*** Information provided ***

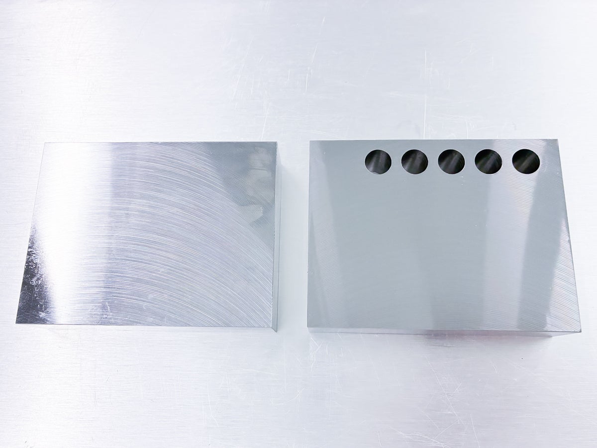 被削材(S50C 板厚30mm)にΦ14の貫通穴を5穴連続であけ、加工時間・穴径精度・真円度・穴の内径面粗さ等を測定します。
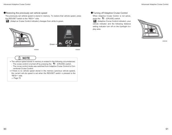 ( Adaptive Cruise Control indicator ), your vehicle indicator and the following distance setting indicator turn off on the EyeSight display area .
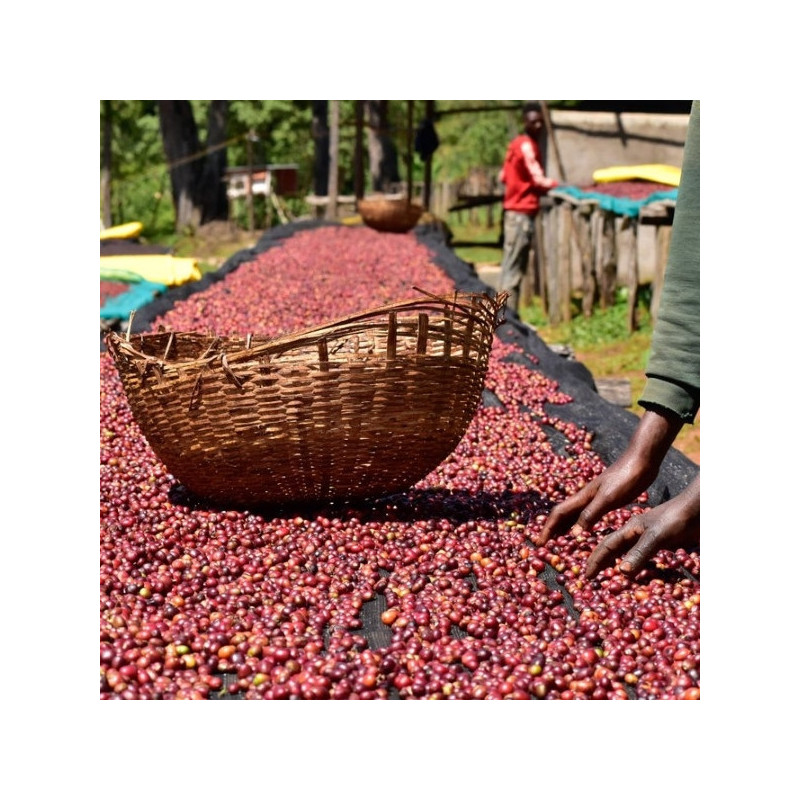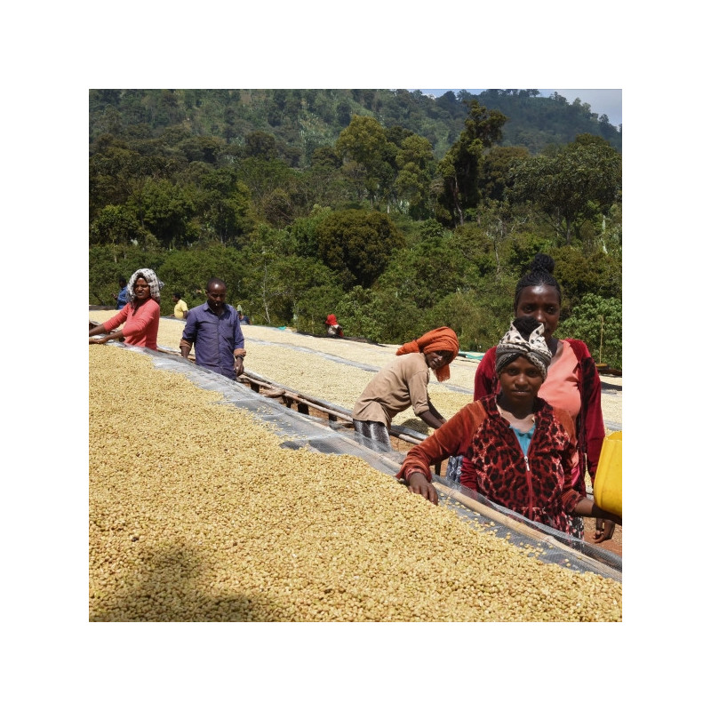 After selective hand-picking, cherries are sun-dried whole for 10–15 days on raised beds at the Getu Adola Milling Station, turned frequently for even drying. This traditional natural process enhances sweetness and develops a rich, juicy texture in the cup.
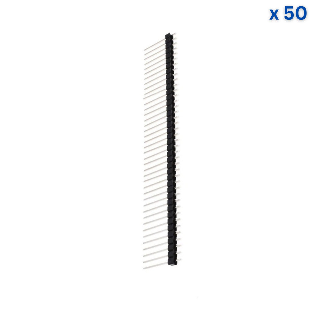 A single-row (1×40) male pin header with extra-long 25 mm gold-plated pins, ideal for applications requiring deep insertion, stacking, or connections through thick enclosures and multiple PCBs. Pins can be snapped to any required length.

*** End of Information provided ***

Output, exactly and without pictures, the span of lines that starts at the line containing "After selective hand-picking, cherries" and ends at the last line above.

● **Result**:
 After selective hand-picking, cherries are sun-dried whole for 10–15 days on raised beds at the Getu Adola Milling Station, turned frequently for even drying. This traditional natural process enhances sweetness and develops a rich, juicy texture in the cup.
 A single-row (1×40) male pin header with extra-long 25 mm gold-plated pins, ideal for applications requiring deep insertion, stacking, or connections through thick enclosures and multiple PCBs. Pins can be snapped to any required length.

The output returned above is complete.